Later in the evening, bathed, cooled, and two home made fruit liquors later, I wonder why so little is written about the contemporary pilgrim’s woes. Most of my dozen or so dinner companions have done the same 23 kilometers, in the same 30 degrees heat. Most did not think it was the worst day’s walk. Beautiful, 20 year old Elle (not her real name – but she looks a bit like a super model) likes walking in the heat. It reminds her of summer walks with her father. She finds the last hour of each day a drag – her feet hurt after about 4 hours of walking. But by the time she wakes the next morning, she recalls only the delicious food and the delightful host of the auberge and she walks again.
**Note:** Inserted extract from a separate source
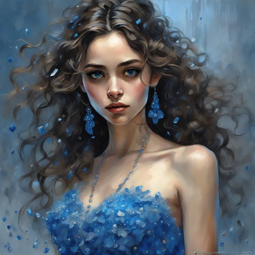 A digital painting of a young Latina woman with wavy brown hair in a glittery blue strapless gown. The artwork has an anime and manga-inspired aesthetic with creamy colors.
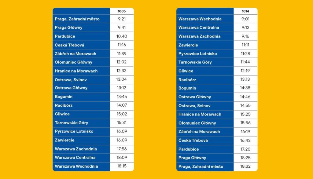 - Gdynia – Gdańsk – Warszawa – Katowice – Ostrawa – Praga

Cecile (all names are fake of course) is my age. And like me she is a bad sleeper. She hates those morning when she has just fallen asleep at 4 a.m and the alarm goes off at 6. But she sets off nonetheless with the hope of a better night’s sleep to come. ‘It is like childbirth,’ she says. ‘You forget labour pain – a mother’s brain is designed to forget. Otherwise, no one would have a second baby. Same with the Chemin. Every day you have pain. Every night you forget!’ She gets a round of knowing laughter from the women.

Photo: the daily happy ending at dinner

That is the first problem with trying to blog the slog – when you are that exhausted, you can’t write things down. The next morning, you can’t really remember. There are no photos to jog your memory either – if you still have the energy to take photos, you are nowhere near the end of your tether. So I keep trying in every conversation, to find variations on the theme of ‘when the hike is a slog’, ‘the hard bits of the day’, ‘what parts of this do you hate’ and so on

A week later, I talk to Philip, the only Malaysian I have ever seen on any of my many long-distance hikes and also the man with the whitest teeth. At 48, Philip has pretty much ‘climbed every mountain. And forded every stream’. His nightmare is a day of sub-zero temperatures. Weird. I recall walking in across the French border into Spain in February 2014, as snowflakes floated down all over our rain gear – delight. Nightmares, it seems, are highly individual.

Books and blogs provide distances, temperatures, elevations. Many calculate scales of difficulty on the basis of objective criteria. But the slog-scale is too personal to be standardised or even usefully shared. My system overloads very quickly with heat and bitumen. Those with bad knees suffer whenever a path descends. Philip the smiling Malaysian hates the cold. For Cecile the slog scale operates inversely with the amount of sleep the night before.

To misquote the most famous of opening lines: ‘Happy pilgrims are all alike; every overwrought pilgrim is unhappy in her very own way.’ (Tolstoy, well, not exactly.)